Hay artículos que se caen. Textos que uno cree que darán harta tela para cortar, pero que finalmente no alcanzan para formular un buen titular. A veces, un tema puede volverse antipático conforme lo asediamos. Otras, la culpa recae en nuestra falta de imaginación. Me pasa, por ejemplo, con la crónica que pensaba escribir sobre superhéroes latinoamericanos. El pretexto: recordar los 50 años del debut del Chapulín Colorado en un programa propio transmitido por Televisa.

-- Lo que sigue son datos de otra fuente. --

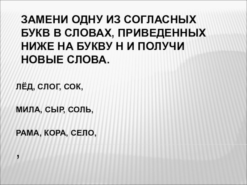 Слайд 7ЗАМЕНИ ОДНУ ИЗ СОГЛАСНЫХ БУКВ В СЛОВАХ, ПРИВЕДЕННЫХ НИЖЕ НА БУКВУ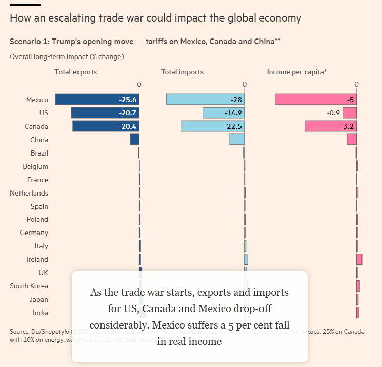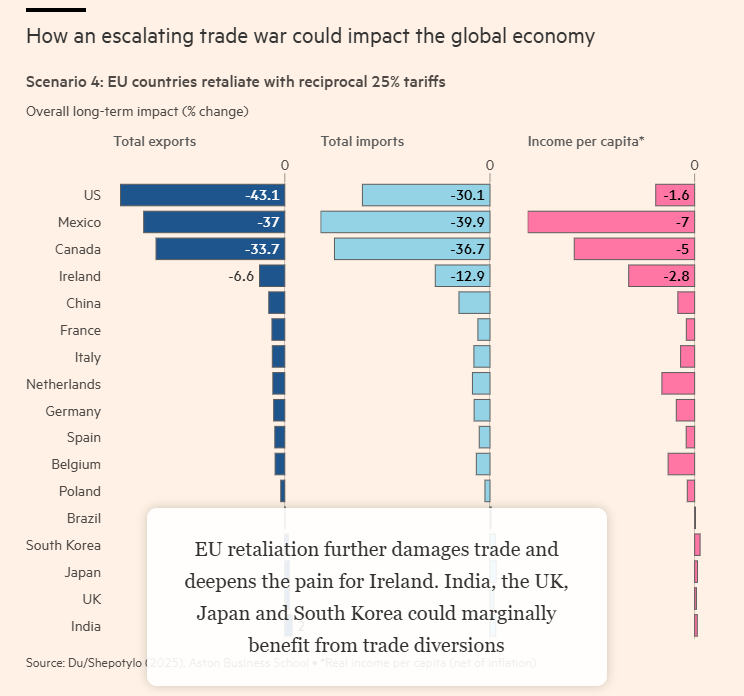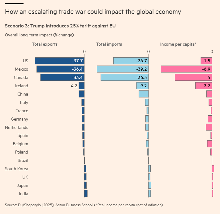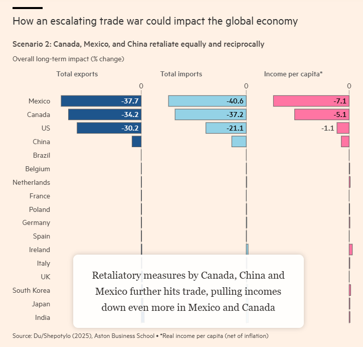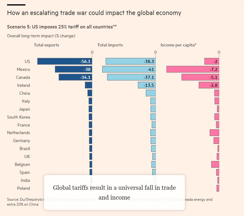阿斯顿大学经济学教授Jun Du表示,该模型显示,如果各国相互征收25%的关税,其影响将类似于1930年那场加剧了大萧条的贸易战。

A primera vista, el tema entusiasma a cualquier friki. A la segunda, desanima cuando constatamos su inexistencia. O, mejor dicho, la ausencia de un género que se tome en serio en nuestro medio. Y no tendría que haberlo, por supuesto: el superhéroe es un producto anglosajón, que conecta con el sentido de maravilla, aventura y emoción que las industrias del entretenimiento saben tan bien narrar. En Latinoamérica, más bien, no nos creemos nada y nos reímos de todo. Por eso, los artistas consumen superhéroes, los degluten y los devuelven convertidos en parodia. Para bien y para mal, nos define la picaresca.
Conversando para aquel proyecto de crónica con el escritor español Hernán Migoya, me recordaba que las revistas de superhéroes son hoy las novelas de caballería publicadas en el siglo XVII. ¿Y qué hizo célebre a Cervantes? Pues reírse de esos personajes tan irreales y sus aventuras tan repetidas. Algo parecido hacen hoy humoristas y dibujantes que en América Latina parodian a los héroes de capa y calzoncillos sobre el pantalón: su subversión proviene de la habilidad de burlarse de nuestro caos e incapacidad para vivir dentro del imperio de la ley. Al parodiar la épica superheroica, sea el Chapulín Colorado de Chespirito o la Araña No de Juan Acevedo, el chiste está en burlarse de la autoridad y la indulgencia del héroe. Recurrir a la imaginería de Marvel y la DC para enfatizar nuestra distancia de Occidente y de sus sistemas de correcta administración pública. Nuestros símbolos grotescos subvierten la validez de un modelo ideal.
El lector no necesita saber qué hacer respecto del objeto de la sátira. Celebra la parodia en sí misma, tiene en ella su oportunidad de burlarse y ridiculizar a quien tiene poder y dice preocuparse por nosotros. Luchando como estamos por mantenernos a flote en medio de la incertidumbre y la corrupción rampante, vemos a héroes paródicos como el Chapulín proyectándose por sobre sus torpezas y su humana cobardía, señalando nuestras contradicciones. Más que llevarnos a la risa, nos conmueve: su escudo en forma de corazón sugiere que nadie nos salvará, que somos nosotros los que estamos dedicados a intentarlo por nuestra cuenta.
Ese sí sería un buen tema para escribir. O, por lo menos, mejor que dedicarles tiempo a los condenados superhéroes.